• [WORK INSTRUCTIONS]: Exact reproduction of all the data is required, with pictures excluded.

• [COLLECTED MATERIAL]:
==============================

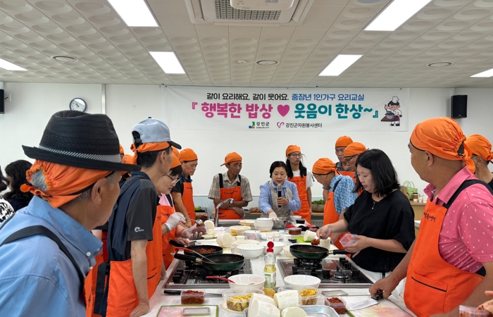 [파이낸셜경제=김예빈 기자] 강진군이 지난 14일 강진군청소년문화의집 2층 조리실에서 고독사 고위험가구(중장년 1인가구)를 위한 사회관계망 형성 지원사업으로 ‘행복한 밥상♥웃음이 한상’ 요리교실을 운영했다.
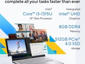 ASUS Vivobook 14, 14″ FHD (1920 x 1080), Intel Core i5-1334U Processor, (8GB RAM/512GB SSD/Intel UHD/Win 11/M365 Basic (1Year)*/Backlit Keyboard/Office Home 2024/Silver/1.40 kg), X1404VA-NK804WS
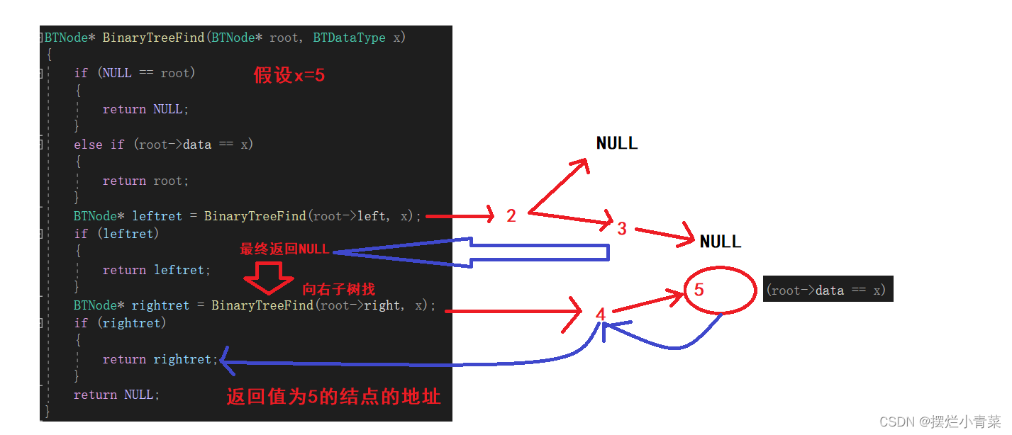 BTNode* BinaryTreeFind(BTNode* root, BTDataType x) {//寻找到空树则返回空(说明在某条连通路径上不存在待找结点)if (NULL == root){return NULL;}//判断树根是否为待找结点,若判断为真则返回该结点地址else if (root->data == x){return root;}//若树根不是要找的结点, 则往左子树找BTNode* leftret = BinaryTreeFind(root->left, x);if (leftret){return leftret;}//若左子树中不存在待找结点,则往右子树找BTNode* rightret = BinaryTreeFind(root->right, x);if (rightret){return rightret;}//若左右子树中都找不到则说明不存在待找结点,返回空return NULL; }将下图中的树的根结点地址传入递归函数:

==============================

• [ANSWER BOX]:
 [파이낸셜경제=김예빈 기자] 강진군이 지난 14일 강진군청소년문화의집 2층 조리실에서 고독사 고위험가구(중장년 1인가구)를 위한 사회관계망 형성 지원사업으로 ‘행복한 밥상♥웃음이 한상’ 요리교실을 운영했다.
 ASUS Vivobook 14, 14″ FHD (1920 x 1080), Intel Core i5-1334U Processor, (8GB RAM/512GB SSD/Intel UHD/Win 11/M365 Basic (1Year)*/Backlit Keyboard/Office Home 2024/Silver/1.40 kg), X1404VA-NK804WS
 BTNode* BinaryTreeFind(BTNode* root, BTDataType x) {//寻找到空树则返回空(说明在某条连通路径上不存在待找结点)if (NULL == root){return NULL;}//判断树根是否为待找结点,若判断为真则返回该结点地址else if (root->data == x){return root;}//若树根不是要找的结点, 则往左子树找BTNode* leftret = BinaryTreeFind(root->left, x);if (leftret){return leftret;}//若左子树中不存在待找结点,则往右子树找BTNode* rightret = BinaryTreeFind(root->right, x);if (rightret){return rightret;}//若左右子树中都找不到则说明不存在待找结点,返回空return NULL; }将下图中的树的根结点地址传入递归函数:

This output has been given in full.